女子チームのコーチであるホルヘ・フステルは、スペインとの戦術的レベルの違いを指摘しつつ、『才能は世界中のどこにでもあり、アフリカにもあります。ヨーロッパやアジアよりも多いかもしれませんが、それに取り組み、可視性を与える必要があります』と才能の原石を磨き上げることの重要性を強調した。
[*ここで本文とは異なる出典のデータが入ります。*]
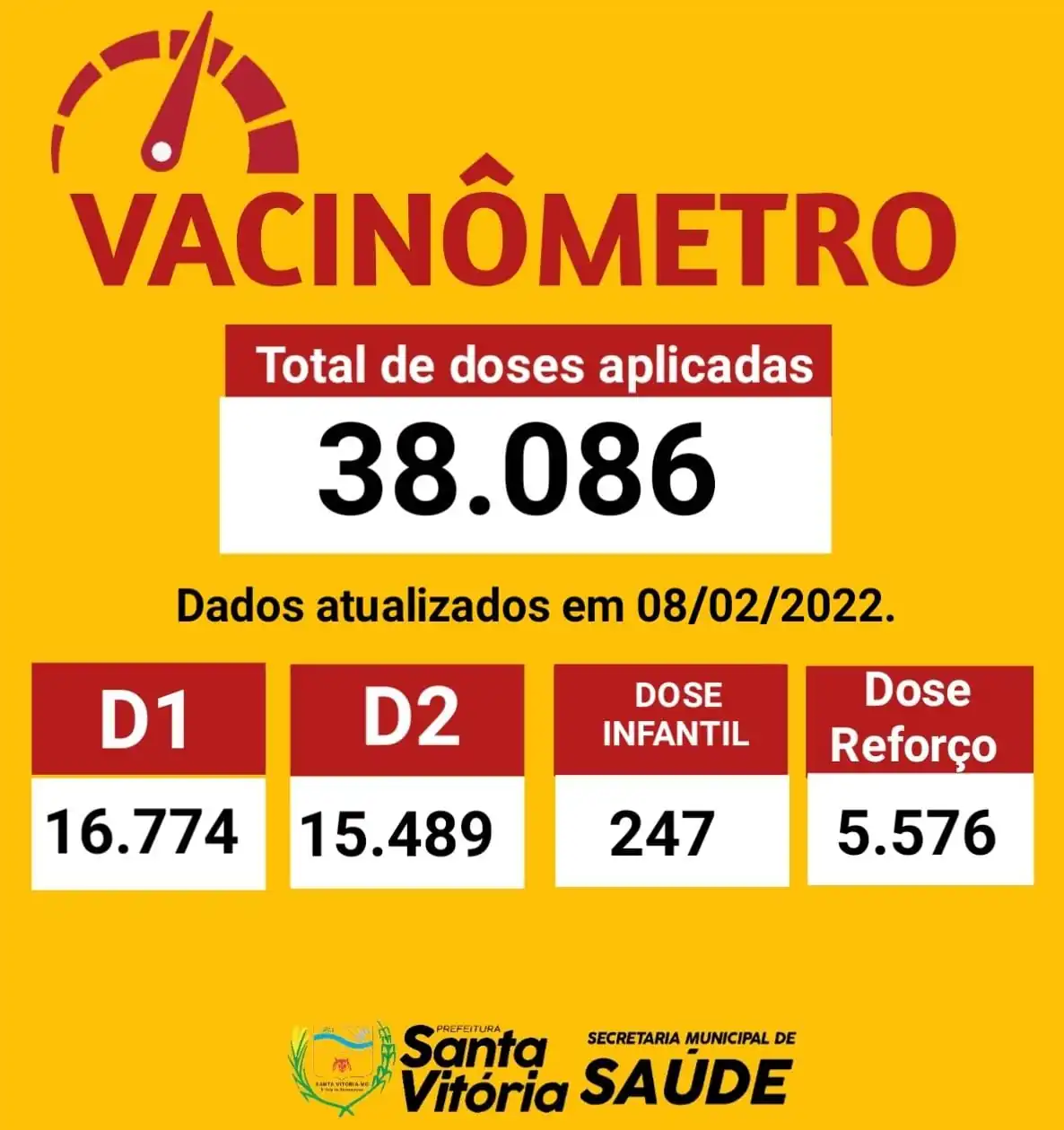 De acordo com a coordenadora de Epidemiologia, Anahi Abdala Teixeira Silva, até o momento foram aplicadas 38.086 doses. Os dados estão no vacinômetro atualizado pelo Departamento de Epidemiologia da Secretaria Municipal de Saúde da Prefeitura de Santa Vitória e divulgado através da Secretaria Municipal de Governo/Comunicação Social.

参加した子どもたちの中には、リヴァプールでプレーすることを夢見る14歳のジョーダンや、アーセナルでプロになることを目指す15歳のジュニアなど、明確な目標を持つ選手たちが目を輝かせていた。New Hera InterconnectionのCEO、マルティ・アリマニー・トーレスは『今回は市場の反応を見るためのテストでしたが、大成功だったと思います』と総括し、『ヨーロッパへの道はスペインの若者にとっても険しいものですが、不可能ではありません。サッカーは2日間のレースではなく、マラソンです』と子どもたちに向けて現実的かつ希望に満ちた言葉を贈った。(via SPORT)
【本日の総括】
コモ・カップでの逆転負けは、退場者や守備の連携不足など新シーズンに向けて修正すべき課題を浮き彫りにしました。一方で、経験豊富なペーテル・グラーチの獲得合意は、CLを見据えたチームに大きな安定をもたらす重要な補強となります。また、アフリカでのアカデミー展開やBチームの始動など、クラブの未来を見据えたプロジェクトも着実に進行しています。